= Lublin (Hasidic dynasty) =

Polish Hasidic dynasty

Lublin is a Hasidic dynasty founded by Rabbi Yehuda Leib Eiger (also known as "Leibel", or "Leibele") of Lublin, a town in Poland. It is a branch of Izhbitza-Radzin Hasidus.

After the death of Rabbi Mordechai Yosef Leiner (the founder of Izhbitza-Radzin Hasidus) in 1854, the Hasidus split into two parts. Most of the hasidim followed Rabbi Yaakov Leiner, the son of Rabbi Mordechai Yosef, who moved the Hasidus to the town of Radzin, (hence the name Izhbitza-Radzin Hasidus). Others, however, followed Rabbi Eiger to Lublin.

Rabbi Eiger led the hasidus with his close friend, Rabbi Zadok HaKohen Rabbinowitz (also spelled "Tzaddok HaKohein") who was a fellow student of the Rabbi Mordechai Yosef Leiner in Ishbitz.
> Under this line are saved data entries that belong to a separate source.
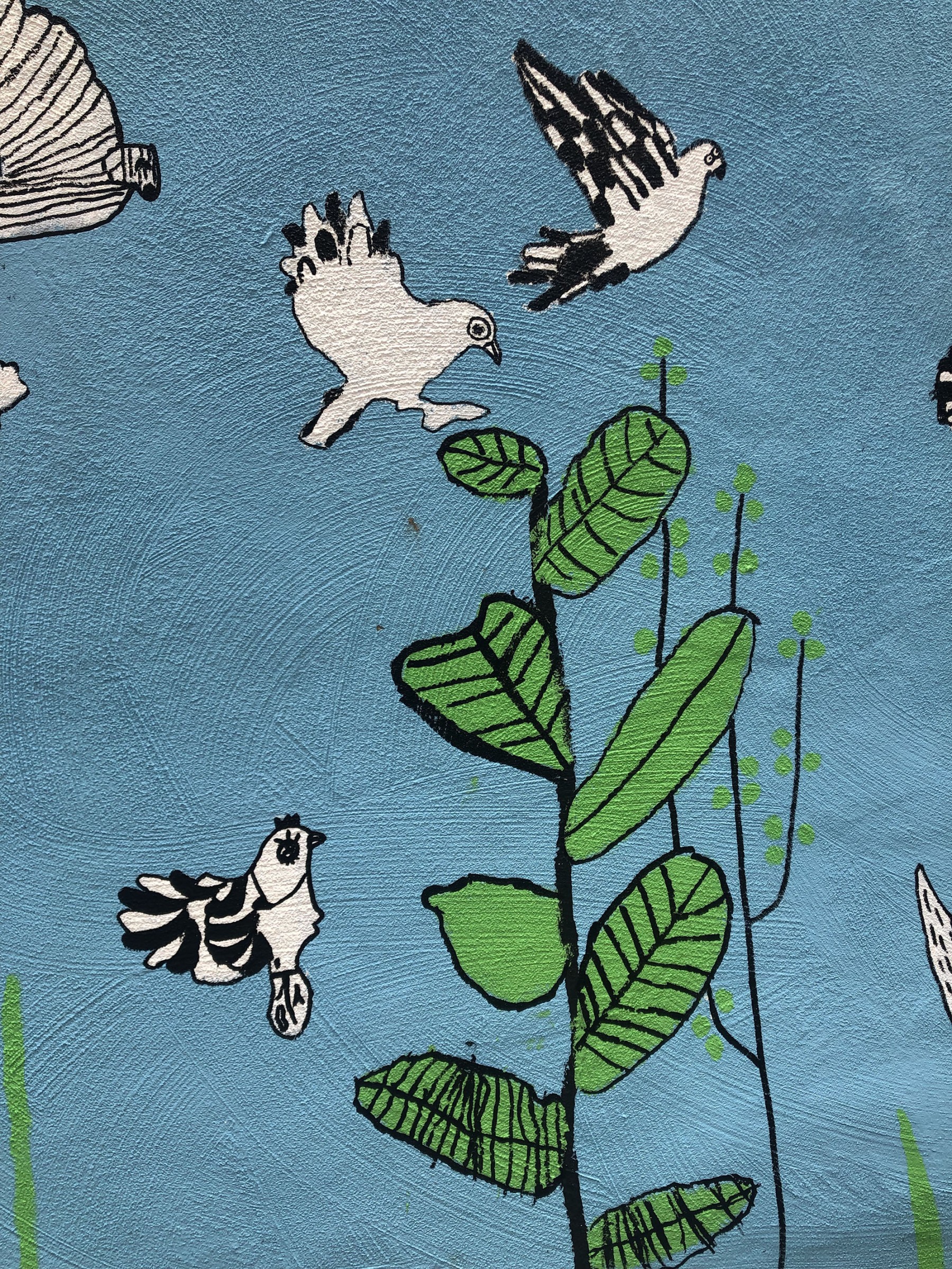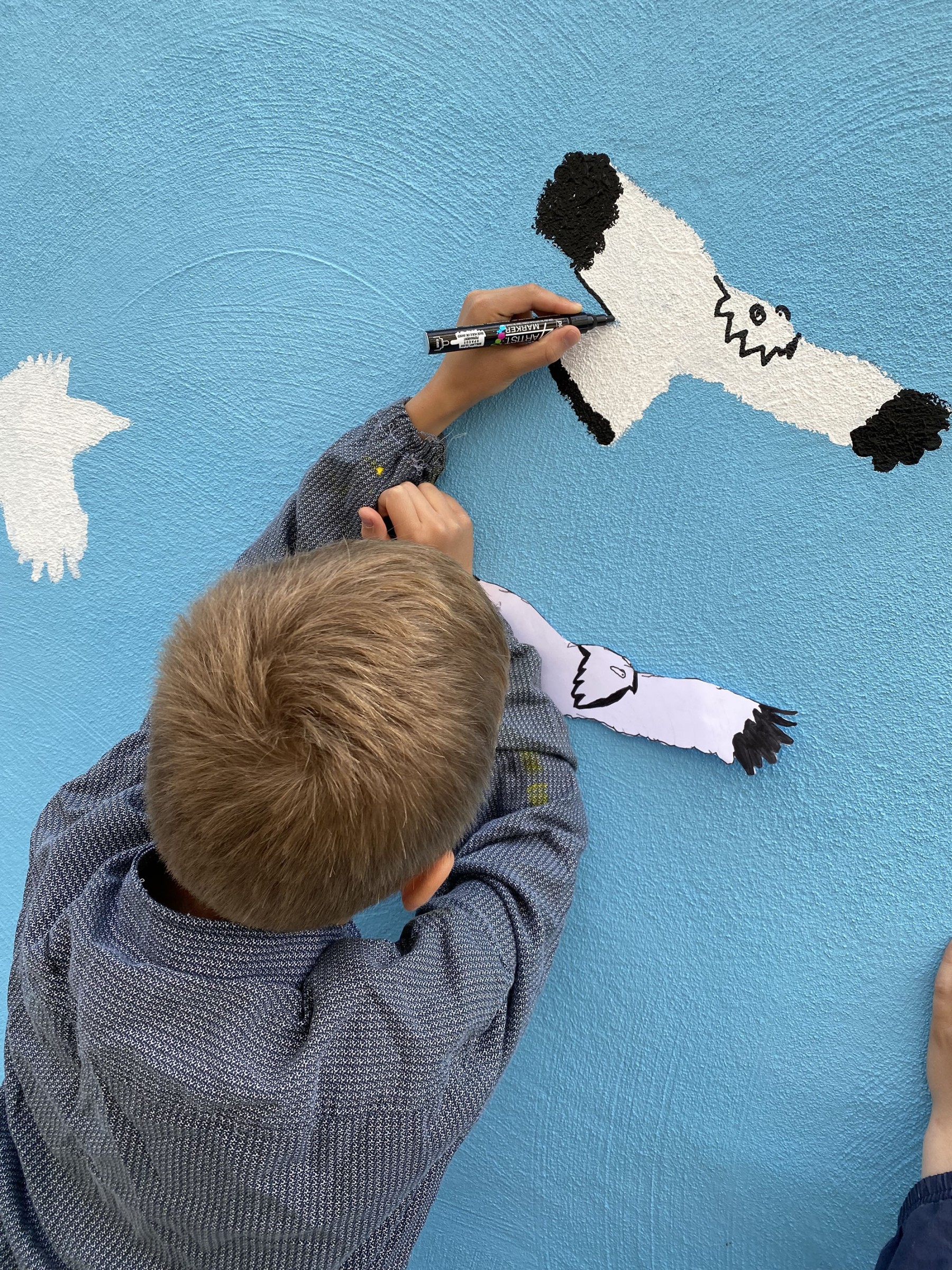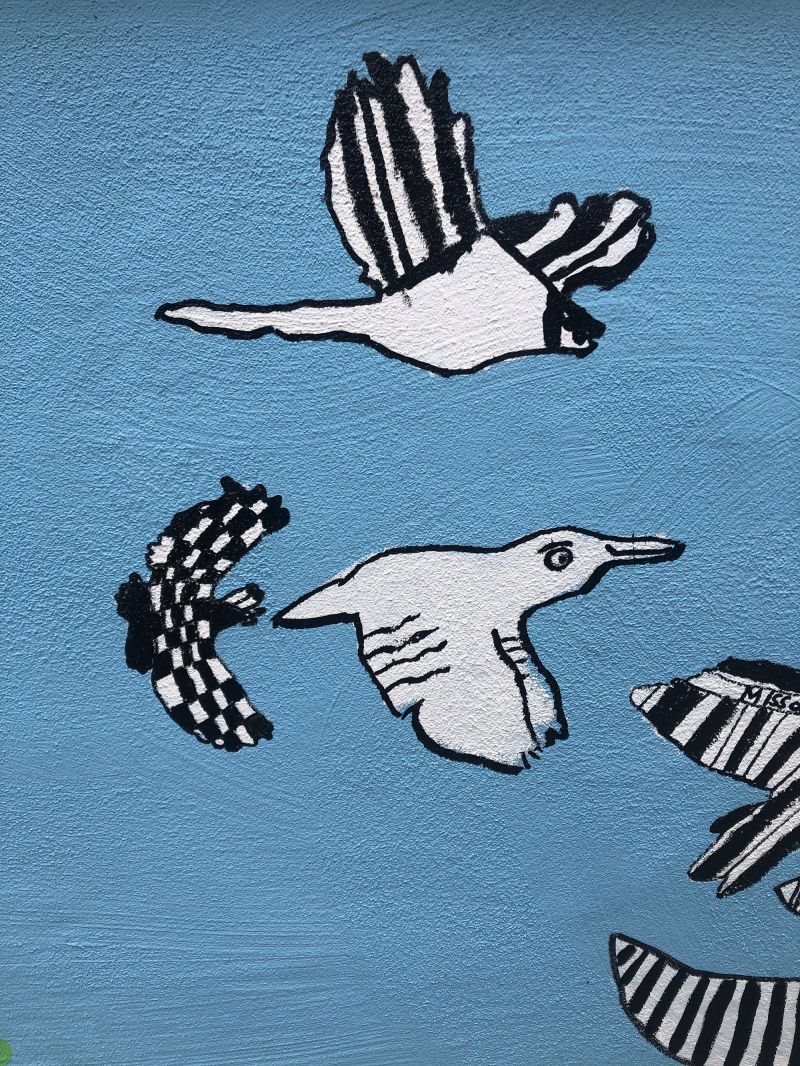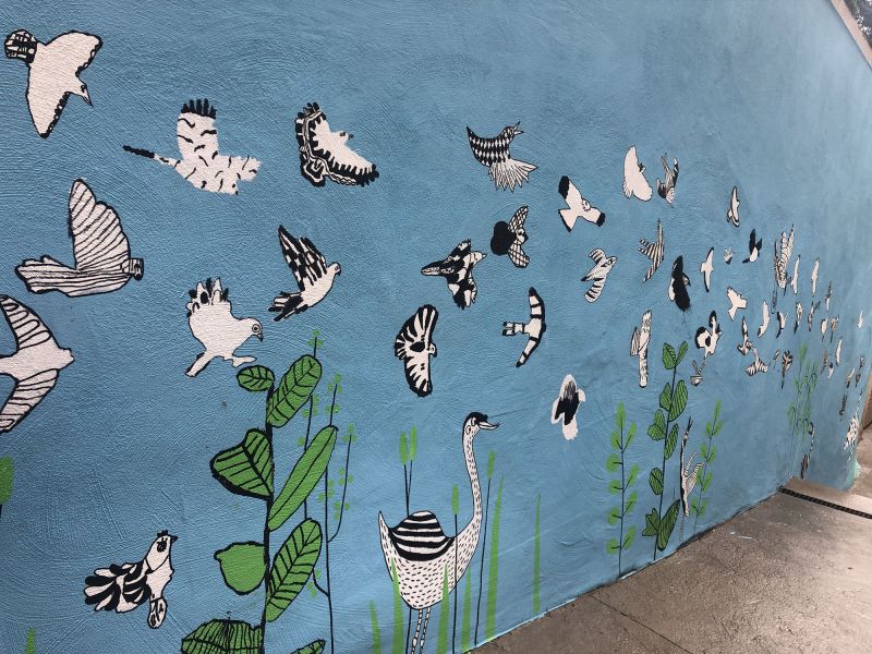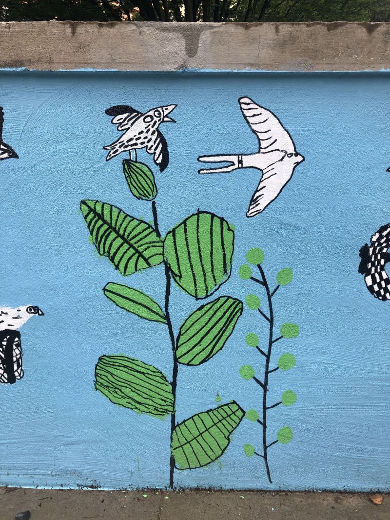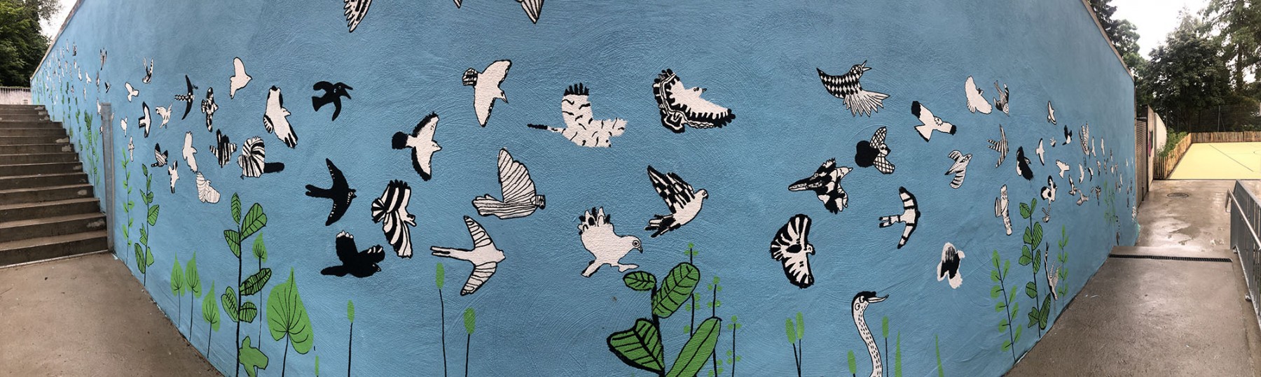 Création d’une fresque de presque 33 m avec les élèves du collège de l’Eglantine à Lausanne sur le thème des oiseaux de chez nous. Projet avec Sarah Freda, enseignante.
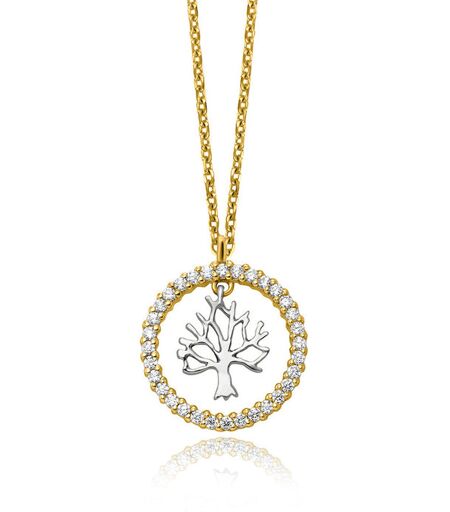 Diese Halskette ist ein wahrhaft strahlendes Schmuckstück, das aus vergoldetem und rhodinierten 925 Sterling Silber besteht. Der atemberaubende Lebensbaum-Anhänger in silberfarben ist mit insgesamt 32 funkelnden Zirkonia umrandet, die ihm einen glamourösen Glanz verleihen. Diese Bicolor-Kreation ist nicht nur ein Blickfang, sondern auch ein Symbol für Leben, Wachstum und Verbundenheit. Der Lebensbaum-Anhänger ist ein zeitloses Motiv, das jeden Look aufwertet und eine positive Ausstrahlung verleiht. Die Länge der Kette ist variabel verstellbar und kann von 38 bis 42 cm angepasst werden. Dies ermöglicht es Ihnen, die Kette perfekt an Ihren Hals anzupassen und sie so zu tragen, wie es Ihnen am besten gefällt. Mit dieser Kette können Sie Ihrem Outfit einen Hauch von Eleganz und Glamour verleihen. Egal, ob Sie sie zu einem formellen Anlass oder im Alltag tragen, sie wird sicherlich alle Blicke auf sich ziehen und Ihre Persönlichkeit zum Ausdruck bringen. Material: Sterling Silber 925 vergoldet, Sterling Silber 925 rhodiniert Farbe: goldfarben, silberfarben Steine: Zirkonia Kettengesamtlänge: 42 cm + 4cm Verlängerung Kettenverschluss: Karabinerhaken ...
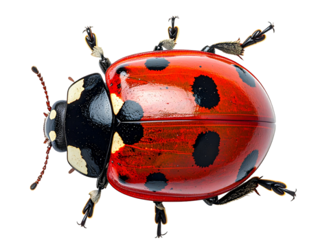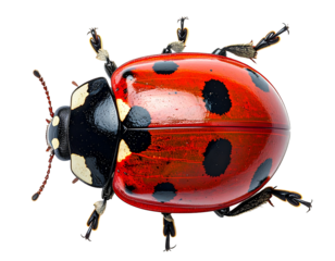 A ladybug with red and black spots on transparent background

After the death of Rabbi Eiger in 1888, the hasidus was led by his son, Rabbi Avraham Eiger, and Rabbi Tzaddok HaKohein. The hasidus continued to be led by Rabbi Avraham Eiger after the death of Rabbi Tzaddok in 1900.

The hasidus was led by Rabbi Eiger's progeny in Lublin until World War II, when they escaped from the Holocaust to Shanghai, China. A grandson of Rabbi Avraham Eiger, also name Rabbi Avraham Eiger, reestablished the hasidus in Bnei Brak in Israel where it remains to this day.

== Lineage ==
Rabbi Yehuda Leib Eiger (1817 - 1888) was a son of Rabbi Shlomo Eiger of Posen, and a grandson of Rabbi Akiva Eiger.